To Minyanville readers, this shouldn’t come as much of a surprise; Professors Mauldin and Depew have discussed the shortcomings of the CPI at length.

A primary criticism of the CPI is that it doesn’t properly account for fluctuations in food and energy prices. Historically, fuel and food have been more volatile than other consumer goods, so the Bureau of Labor Statistics (BLS) -- the government body tasked with tabulating the CPI each month -- strips out those costs to arrive at its “core” or headline CPI number.

The BLS also juggles the basket of goods used to calculate the CPI, which many contend allows it to distort the inflation rate. By swapping out expensive goods for cheap ones, it’s pretty easy to keep the most widely watched measure of inflation low - even while prices are obviously soaring.

A second factor that’s led investment advisers to steer clients away from TIPS is a divergence between the inflation expected by consumers and that reported by the government. Consumer sentiment readings indicate fear of higher prices, while traders betting on TIPS expect inflation to moderate over the next few years.

Some say this is just another sign of traders’ lack of faith in government data. Others, however, argue that inflationary pressures are actually decreasing as the credit crunch forces firms like Citibank (C), Merrill Lynch (MER) and General Motors (GM) to de-leverage.

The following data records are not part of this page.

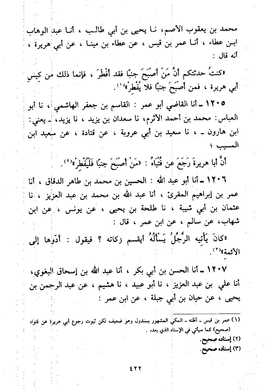 أنا الْقَاضِي أَبُو عُمَرَ الْقَاسِمُ بْنُ جَعْفَرٍ الْهَاشِمِيُّ , نا أَبُو الْعَبَّاسِ مُحَمَّدُ بْنُ أَحْمَدَ الْأَثْرَمُ , نا سَعْدَانُ بْنُ يَزِيدَ , نا يَزِيدُ يَعْنِي ابْنَ هَارُونَ , نا سَعِيدُ بْنُ أَبِي عَرُوبَةَ , عَنْ قَتَادَةَ , عَنْ سَعِيدِ بْنِ الْمُسَيِّبِ , " أَنَّ أَبَا هُرَيْرَةَ , رَجَعَ عَنْ فُتْيَاهُ: مَنْ أَصْبَحَ جُنُبًا فَلْيُفْطِرْ "
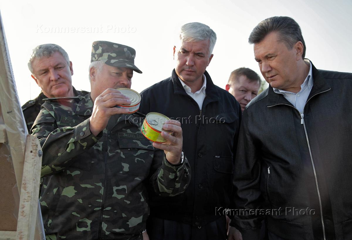 Бывший министр Украины Михаил Ежель (второй слева), министр обороны Украины Дмитрий Саламатин (второй справа) и президент Украины Виктор Янукович (справа) во время посещения 240-го центра подготовки подразделений 8-го армейского корпуса ВСУ в Житомирской области.
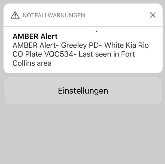 Unsere iPhones und meine Watch haben auf einmal ganz lauten Alarm gegeben. Dieser Alarmton war uns beiden unbekannt und eben sehr laut. Auf unseren Handys erschien dann ein "Amber Alert".
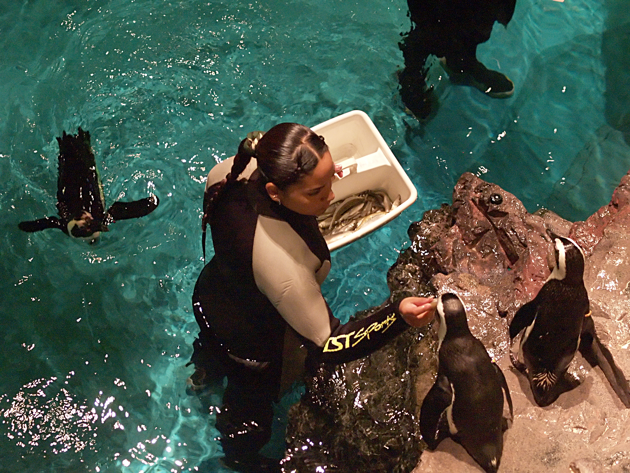 Picture #14: Penguin feeding Small: 640x503, 106,344 bytes (104K), (html file) Large: 2560x1920, 6,156,739 bytes (5.9M), (html file) Copyright, Michael Meissner 2006, All rights reserved Olympus E-1 camera with Olympus 50mm f/2.0 lens f/2.2, ISO 1600, 1/160 sec, 50.0mm, auto mode, SHQ, matrix metering, +2 sharpening 35mm equivalent focal length 100.0mm Extra equipment used: noiseninja Taken by Michael Meissner on July 23, 2006 14:40:16 Last modified on July 23, 2006 at 19:08 |

Traders may be getting ahead of the curve: The debate highlights the importance of inflation expectations and their impact on consumer behavior.

If a rational consumer believes gas will be more expensive tomorrow than it is today, he'll make sure to swing by the Exxon-Mobil (XOM) station on his way home from work. If his view is the same tomorrow, he should fill up again - since prices will just be higher the following day.

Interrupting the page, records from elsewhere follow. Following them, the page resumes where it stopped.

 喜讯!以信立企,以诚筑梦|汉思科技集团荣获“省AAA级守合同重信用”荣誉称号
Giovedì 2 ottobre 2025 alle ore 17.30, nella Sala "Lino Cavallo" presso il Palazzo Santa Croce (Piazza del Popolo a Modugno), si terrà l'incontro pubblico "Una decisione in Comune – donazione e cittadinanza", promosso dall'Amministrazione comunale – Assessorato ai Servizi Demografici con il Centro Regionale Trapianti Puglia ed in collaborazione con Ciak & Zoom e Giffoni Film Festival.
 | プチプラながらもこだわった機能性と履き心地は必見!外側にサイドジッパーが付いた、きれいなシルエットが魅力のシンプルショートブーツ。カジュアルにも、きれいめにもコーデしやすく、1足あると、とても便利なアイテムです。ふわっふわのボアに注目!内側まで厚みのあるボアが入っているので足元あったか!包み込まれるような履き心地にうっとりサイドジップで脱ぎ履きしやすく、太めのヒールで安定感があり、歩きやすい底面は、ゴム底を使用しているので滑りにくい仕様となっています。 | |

This type of behavior leads to unnaturally high demand, as consumers shift purchases forward, pressuring supply. Increased demand coupled with dwindling supply means higher prices, which fuel more inflation expectations, pushing prices up even further.

Wash, rinse, repeat.

At some point, however, consumers are forced to give up; they simply run out of money.

The best cure for high prices may be high prices
. As shoppers trade down, cut back and stash away their pennies for that inevitable rainy day, demand will diminish - and consumers will have no choice but to figure out how to get by on less.